### Stored data entries
+---+

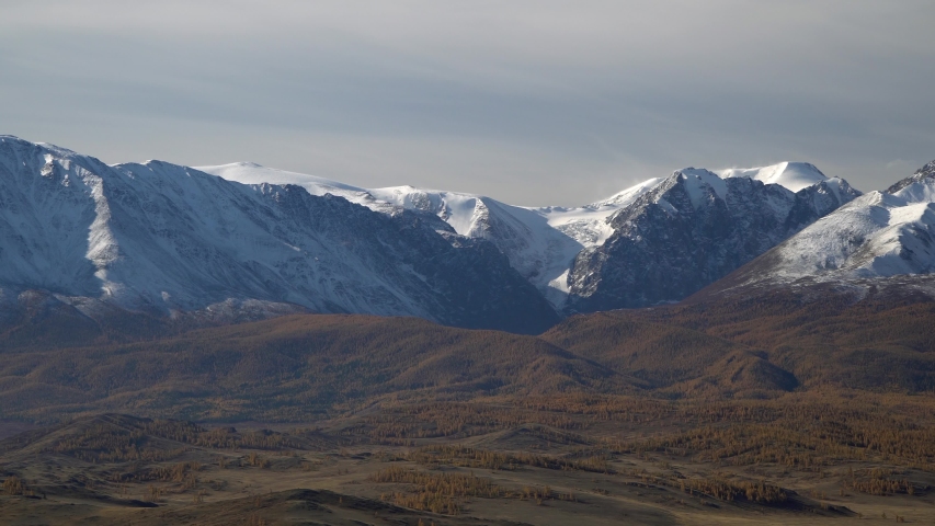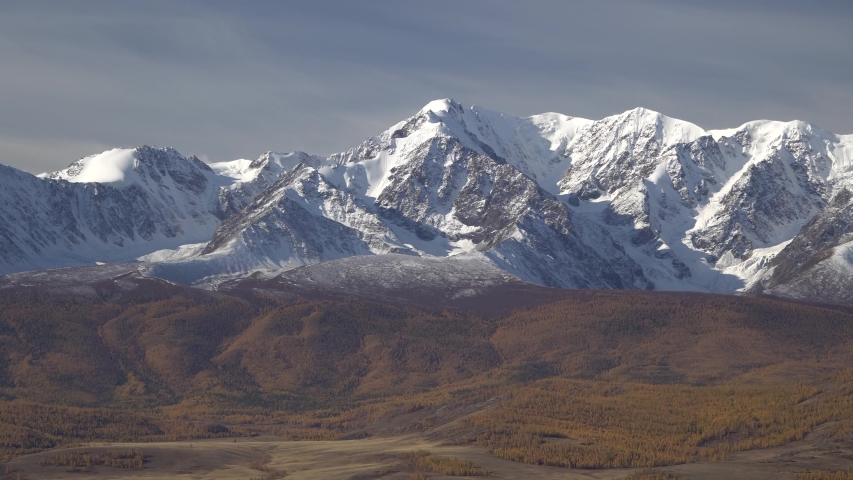 Beautiful zoomn-in shot of snowy Altai mountains on cloudy sky background
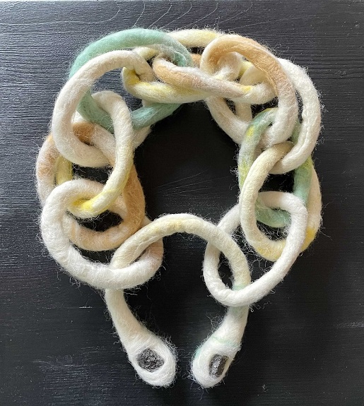 Il lavoro tessile con il feltro è molto importante per Pizzo Scuto, si tratta in questo caso di un non-tessuto, il materiale più antico della storia dell’umanità, e quando nell’antichità gli uomini abbandonarono le pelli animali, lo fecero perché impararono a lavorare la lana in feltro. E proprio sulla base di questo tessuto grezzo l’artista, non solo recupera simbolicamente una pratica millenaria, ma lavora e produce ricami e composizioni che nel processo di trasformazione diventano veri e propri simboli che legano memoria, presente e tradizione… La sua arte, permeata da un’intensa connessione tra i sensi e l’uso dei materiali, invita lo spettatore a una riflessione profonda sulla percezione, sull’esperienza sensoriale e sul legame fra passato e presente. L’artista non si limita a creare opere, ma agisce costruendo trame, matrici di segni ondulatori e ripetuti in cui il tempo e lo spazio sembrano fondersi in un’unica, potente, esperienza estetica».
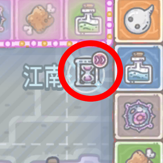 そのままゲームを続ける場合は画面左上にある「砂時計マーク(探索加速)」で放置時間を時短しましょう。探索加速が尽きるまで時短が可能です。
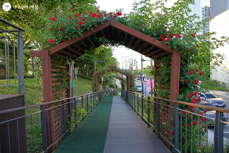 중랑장미공원 입구에서 시작하지 않아도 중간중간 오갈 수 있는 통로가 많다. 당연히 장미터널을 걷다가 내려갈 수도 있다. 반대편 중랑천으로 내려가는 다리도 있다. 현재는 중랑천 쪽에서 만발한 장미를 더 볼 수 있다.
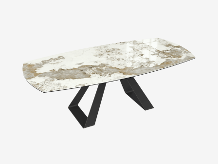 La table de repas Michigan est une pièce maîtresse élégante et conviviale à avoir dans son intérieur. Dotée de deux rallonges latérales de 40 cm, cette table vous permet de passer d’une surface de 150 x 110 cm à une surface de 230 x 110 cm. Cette table peut accueillir jusqu’à 6 personnes lorsque les rallonges sont fermées et 8 à 10 personnes lorsque les rallonges sont ouvertes. Son plateau est conçu en céramique Marbre Calcatta de 6 mm, collée sur un verre de 8 mm. Son élégant piétement évasé à la forme triangulaire, est conçu en acier laqué noir mat, il assure robustesse et stabilité.
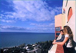 Сервис: пляжный комплекс (аэрарии, лежаки, раздевалки, душевые), столовая, кафе, бар – бильярдная, караоке, киноконцертный зал на 400 мест, тренажерный зал, библиотека, открытая танцевальная площадка, пункт проката, камера хранения, междугородняя связь, автостоянка, доставка авиа и ж/д билетов. Работа аниматоров, дискотеки, организация экскурсий, предоставление под заказ автотранспорта с водителем.
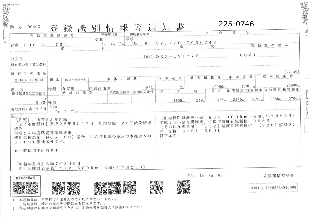 お問い合わせ番号:225-0746R| クラス(車両) | 大型 | メーカー | いすゞ |

+---+

### Exercise goal
Word for word and without pictures, please write out only the lines from the start of the entries through the line containing "중랑장미공원 입구에서 시작하지", both included.

### Solution below
 Beautiful zoomn-in shot of snowy Altai mountains on cloudy sky background
 Il lavoro tessile con il feltro è molto importante per Pizzo Scuto, si tratta in questo caso di un non-tessuto, il materiale più antico della storia dell’umanità, e quando nell’antichità gli uomini abbandonarono le pelli animali, lo fecero perché impararono a lavorare la lana in feltro. E proprio sulla base di questo tessuto grezzo l’artista, non solo recupera simbolicamente una pratica millenaria, ma lavora e produce ricami e composizioni che nel processo di trasformazione diventano veri e propri simboli che legano memoria, presente e tradizione… La sua arte, permeata da un’intensa connessione tra i sensi e l’uso dei materiali, invita lo spettatore a una riflessione profonda sulla percezione, sull’esperienza sensoriale e sul legame fra passato e presente. L’artista non si limita a creare opere, ma agisce costruendo trame, matrici di segni ondulatori e ripetuti in cui il tempo e lo spazio sembrano fondersi in un’unica, potente, esperienza estetica».
 そのままゲームを続ける場合は画面左上にある「砂時計マーク(探索加速)」で放置時間を時短しましょう。探索加速が尽きるまで時短が可能です。
 중랑장미공원 입구에서 시작하지 않아도 중간중간 오갈 수 있는 통로가 많다. 당연히 장미터널을 걷다가 내려갈 수도 있다. 반대편 중랑천으로 내려가는 다리도 있다. 현재는 중랑천 쪽에서 만발한 장미를 더 볼 수 있다.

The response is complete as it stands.